[Extracted data entries]
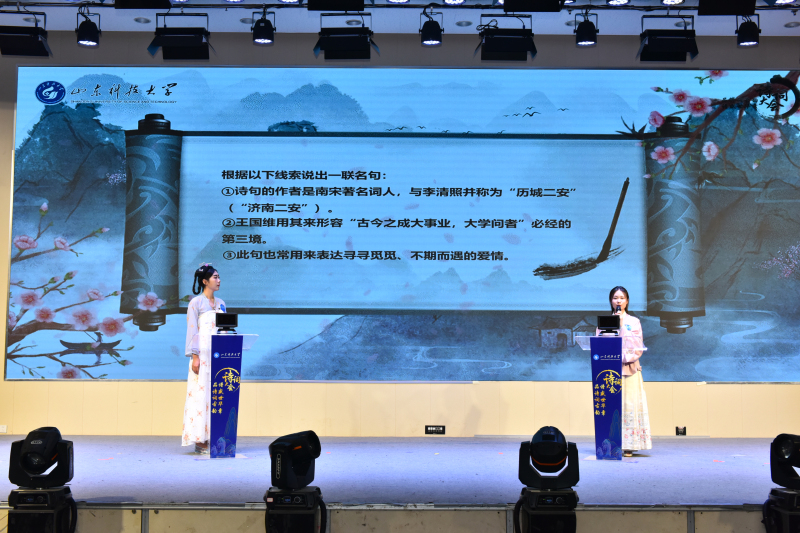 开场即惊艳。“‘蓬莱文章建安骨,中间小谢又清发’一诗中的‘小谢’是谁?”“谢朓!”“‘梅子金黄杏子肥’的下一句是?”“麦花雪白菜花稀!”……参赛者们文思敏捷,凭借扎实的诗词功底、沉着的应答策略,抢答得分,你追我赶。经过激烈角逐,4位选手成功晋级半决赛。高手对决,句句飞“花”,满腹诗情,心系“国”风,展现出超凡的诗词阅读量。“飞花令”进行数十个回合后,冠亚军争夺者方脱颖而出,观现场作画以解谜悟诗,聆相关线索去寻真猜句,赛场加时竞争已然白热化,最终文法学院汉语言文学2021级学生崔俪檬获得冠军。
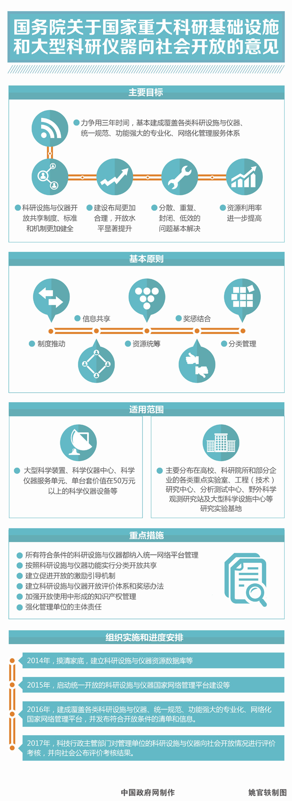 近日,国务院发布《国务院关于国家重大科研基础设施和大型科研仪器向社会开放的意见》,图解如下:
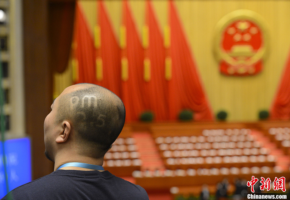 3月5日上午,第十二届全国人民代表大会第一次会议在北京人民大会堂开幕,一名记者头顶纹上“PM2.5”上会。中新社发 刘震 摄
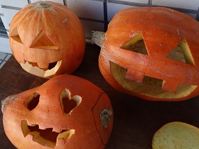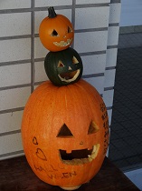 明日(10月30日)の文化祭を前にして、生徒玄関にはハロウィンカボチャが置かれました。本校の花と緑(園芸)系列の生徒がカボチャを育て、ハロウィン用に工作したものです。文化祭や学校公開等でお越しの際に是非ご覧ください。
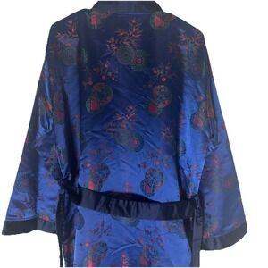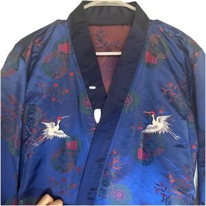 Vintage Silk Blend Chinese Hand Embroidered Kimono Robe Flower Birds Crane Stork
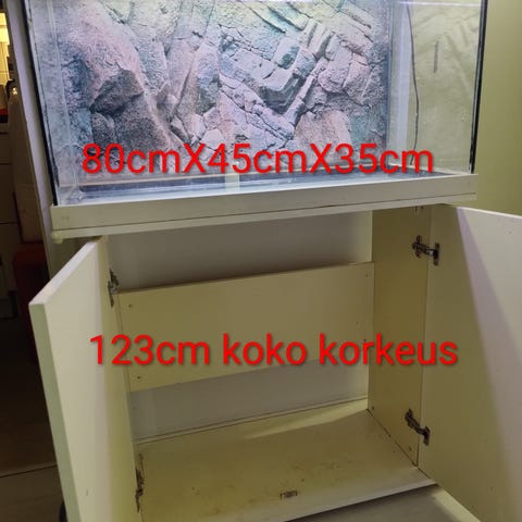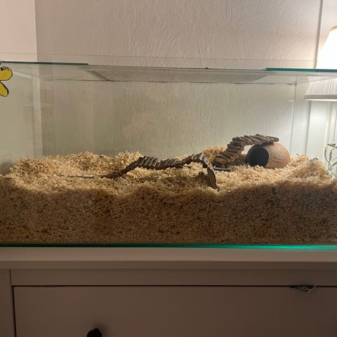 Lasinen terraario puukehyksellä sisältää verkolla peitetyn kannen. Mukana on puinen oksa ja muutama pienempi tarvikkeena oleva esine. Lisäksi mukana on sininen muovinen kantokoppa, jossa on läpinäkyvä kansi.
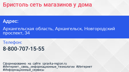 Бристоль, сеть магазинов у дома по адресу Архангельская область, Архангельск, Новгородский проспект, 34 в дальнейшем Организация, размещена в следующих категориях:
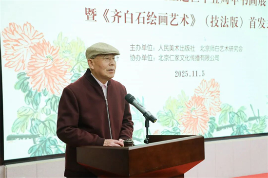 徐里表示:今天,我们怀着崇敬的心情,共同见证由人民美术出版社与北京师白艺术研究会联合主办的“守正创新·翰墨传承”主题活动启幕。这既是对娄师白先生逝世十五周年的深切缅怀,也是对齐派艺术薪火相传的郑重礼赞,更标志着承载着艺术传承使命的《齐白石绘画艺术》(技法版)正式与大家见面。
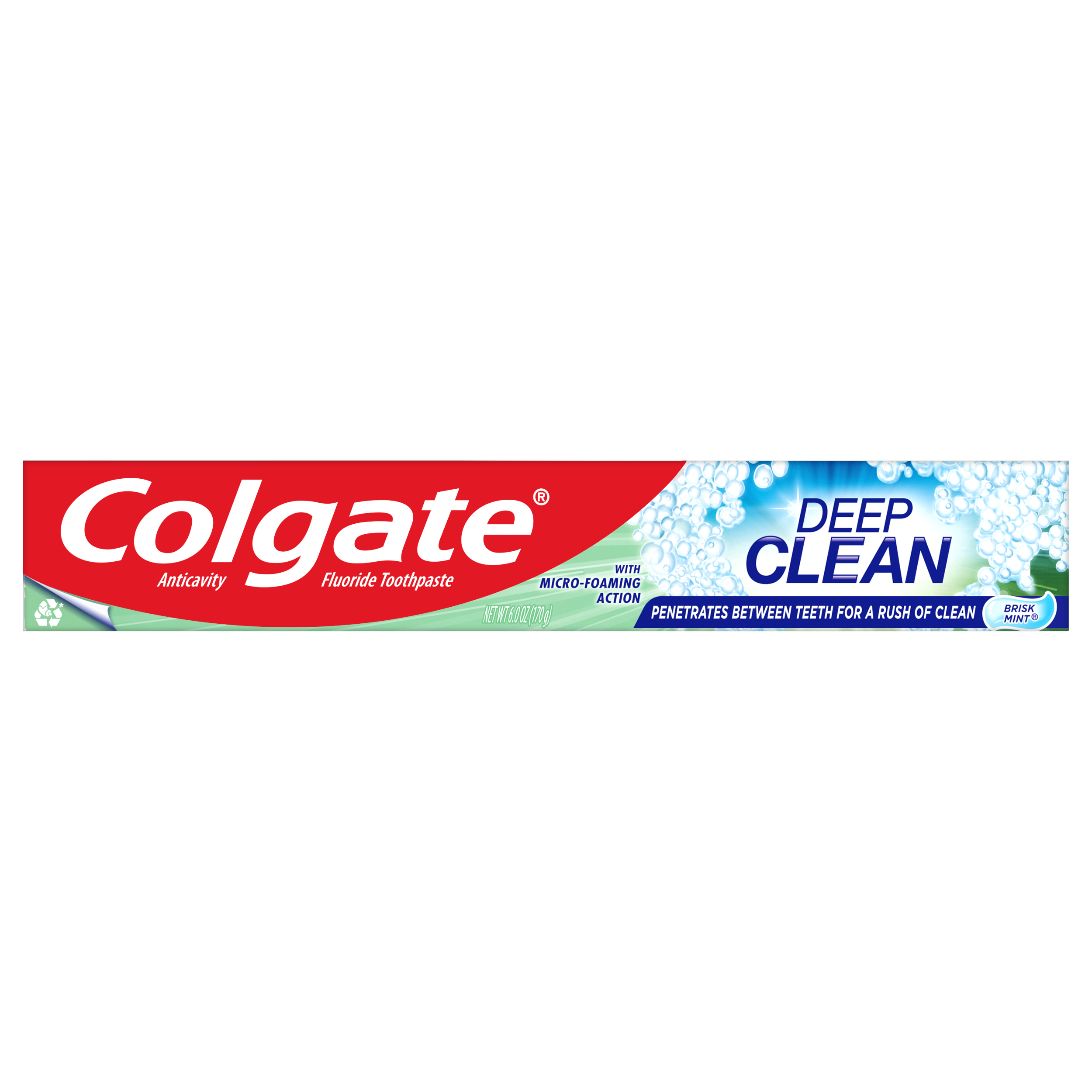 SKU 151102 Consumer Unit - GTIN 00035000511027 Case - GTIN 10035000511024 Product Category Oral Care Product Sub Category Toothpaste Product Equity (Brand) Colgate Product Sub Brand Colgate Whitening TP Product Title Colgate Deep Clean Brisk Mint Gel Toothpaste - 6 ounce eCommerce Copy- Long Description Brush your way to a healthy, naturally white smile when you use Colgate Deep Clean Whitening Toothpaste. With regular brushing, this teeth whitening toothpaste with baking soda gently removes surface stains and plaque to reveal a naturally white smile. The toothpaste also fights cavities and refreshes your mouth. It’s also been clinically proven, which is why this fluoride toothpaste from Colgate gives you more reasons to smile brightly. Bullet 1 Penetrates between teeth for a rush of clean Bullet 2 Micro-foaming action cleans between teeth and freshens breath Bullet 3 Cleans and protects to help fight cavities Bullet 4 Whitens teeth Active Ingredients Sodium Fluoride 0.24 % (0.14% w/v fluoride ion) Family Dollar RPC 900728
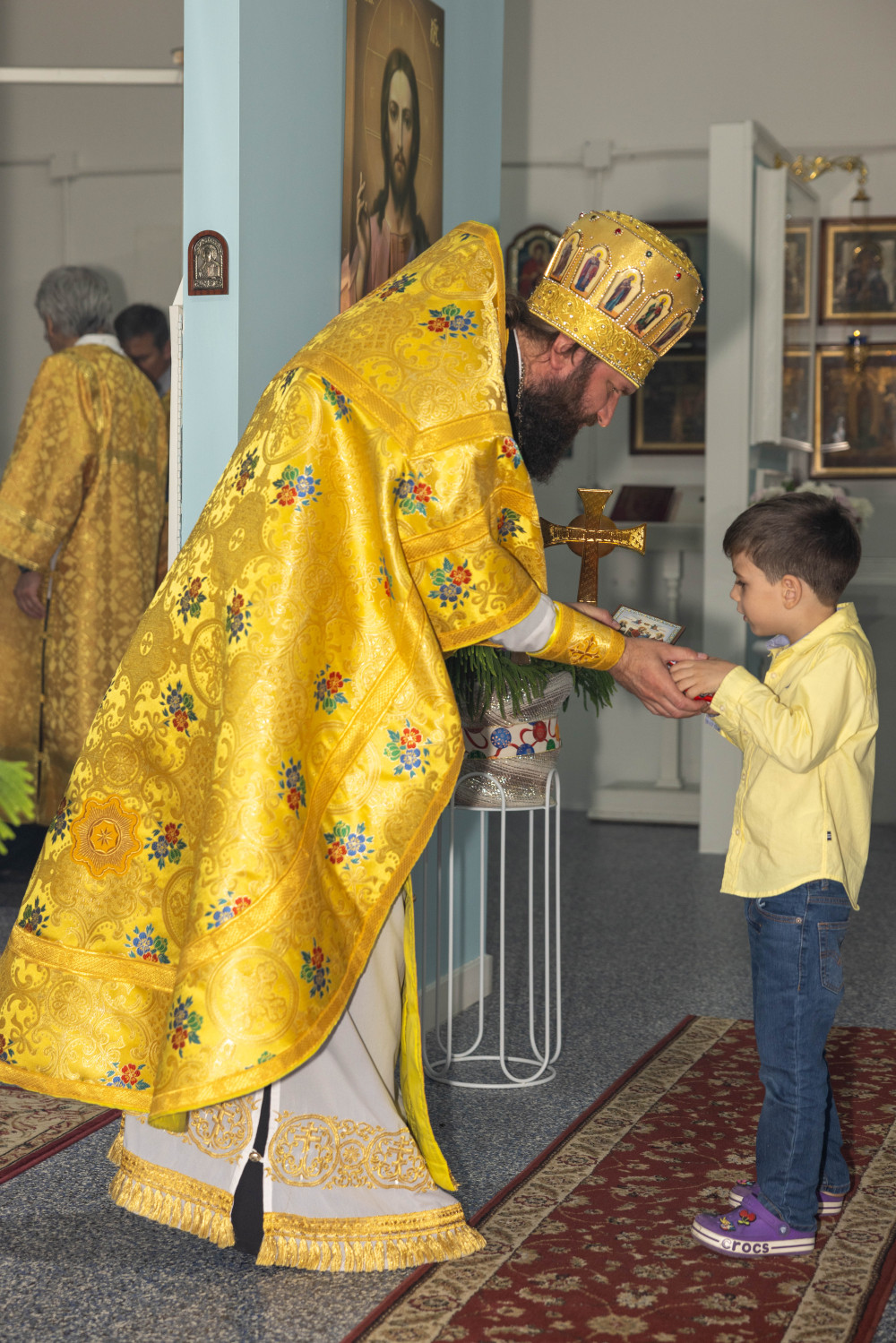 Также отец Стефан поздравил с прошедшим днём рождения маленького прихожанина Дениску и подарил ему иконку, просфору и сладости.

§ Brief: Return every entry unchanged and skip the pictures.

§ Task output:
 开场即惊艳。“‘蓬莱文章建安骨,中间小谢又清发’一诗中的‘小谢’是谁?”“谢朓!”“‘梅子金黄杏子肥’的下一句是?”“麦花雪白菜花稀!”……参赛者们文思敏捷,凭借扎实的诗词功底、沉着的应答策略,抢答得分,你追我赶。经过激烈角逐,4位选手成功晋级半决赛。高手对决,句句飞“花”,满腹诗情,心系“国”风,展现出超凡的诗词阅读量。“飞花令”进行数十个回合后,冠亚军争夺者方脱颖而出,观现场作画以解谜悟诗,聆相关线索去寻真猜句,赛场加时竞争已然白热化,最终文法学院汉语言文学2021级学生崔俪檬获得冠军。
 近日,国务院发布《国务院关于国家重大科研基础设施和大型科研仪器向社会开放的意见》,图解如下:
 3月5日上午,第十二届全国人民代表大会第一次会议在北京人民大会堂开幕,一名记者头顶纹上“PM2.5”上会。中新社发 刘震 摄
 明日(10月30日)の文化祭を前にして、生徒玄関にはハロウィンカボチャが置かれました。本校の花と緑(園芸)系列の生徒がカボチャを育て、ハロウィン用に工作したものです。文化祭や学校公開等でお越しの際に是非ご覧ください。
 Vintage Silk Blend Chinese Hand Embroidered Kimono Robe Flower Birds Crane Stork
 Lasinen terraario puukehyksellä sisältää verkolla peitetyn kannen. Mukana on puinen oksa ja muutama pienempi tarvikkeena oleva esine. Lisäksi mukana on sininen muovinen kantokoppa, jossa on läpinäkyvä kansi.
 Бристоль, сеть магазинов у дома по адресу Архангельская область, Архангельск, Новгородский проспект, 34 в дальнейшем Организация, размещена в следующих категориях:
 徐里表示:今天,我们怀着崇敬的心情,共同见证由人民美术出版社与北京师白艺术研究会联合主办的“守正创新·翰墨传承”主题活动启幕。这既是对娄师白先生逝世十五周年的深切缅怀,也是对齐派艺术薪火相传的郑重礼赞,更标志着承载着艺术传承使命的《齐白石绘画艺术》(技法版)正式与大家见面。
 SKU 151102 Consumer Unit - GTIN 00035000511027 Case - GTIN 10035000511024 Product Category Oral Care Product Sub Category Toothpaste Product Equity (Brand) Colgate Product Sub Brand Colgate Whitening TP Product Title Colgate Deep Clean Brisk Mint Gel Toothpaste - 6 ounce eCommerce Copy- Long Description Brush your way to a healthy, naturally white smile when you use Colgate Deep Clean Whitening Toothpaste. With regular brushing, this teeth whitening toothpaste with baking soda gently removes surface stains and plaque to reveal a naturally white smile. The toothpaste also fights cavities and refreshes your mouth. It’s also been clinically proven, which is why this fluoride toothpaste from Colgate gives you more reasons to smile brightly. Bullet 1 Penetrates between teeth for a rush of clean Bullet 2 Micro-foaming action cleans between teeth and freshens breath Bullet 3 Cleans and protects to help fight cavities Bullet 4 Whitens teeth Active Ingredients Sodium Fluoride 0.24 % (0.14% w/v fluoride ion) Family Dollar RPC 900728
 Также отец Стефан поздравил с прошедшим днём рождения маленького прихожанина Дениску и подарил ему иконку, просфору и сладости.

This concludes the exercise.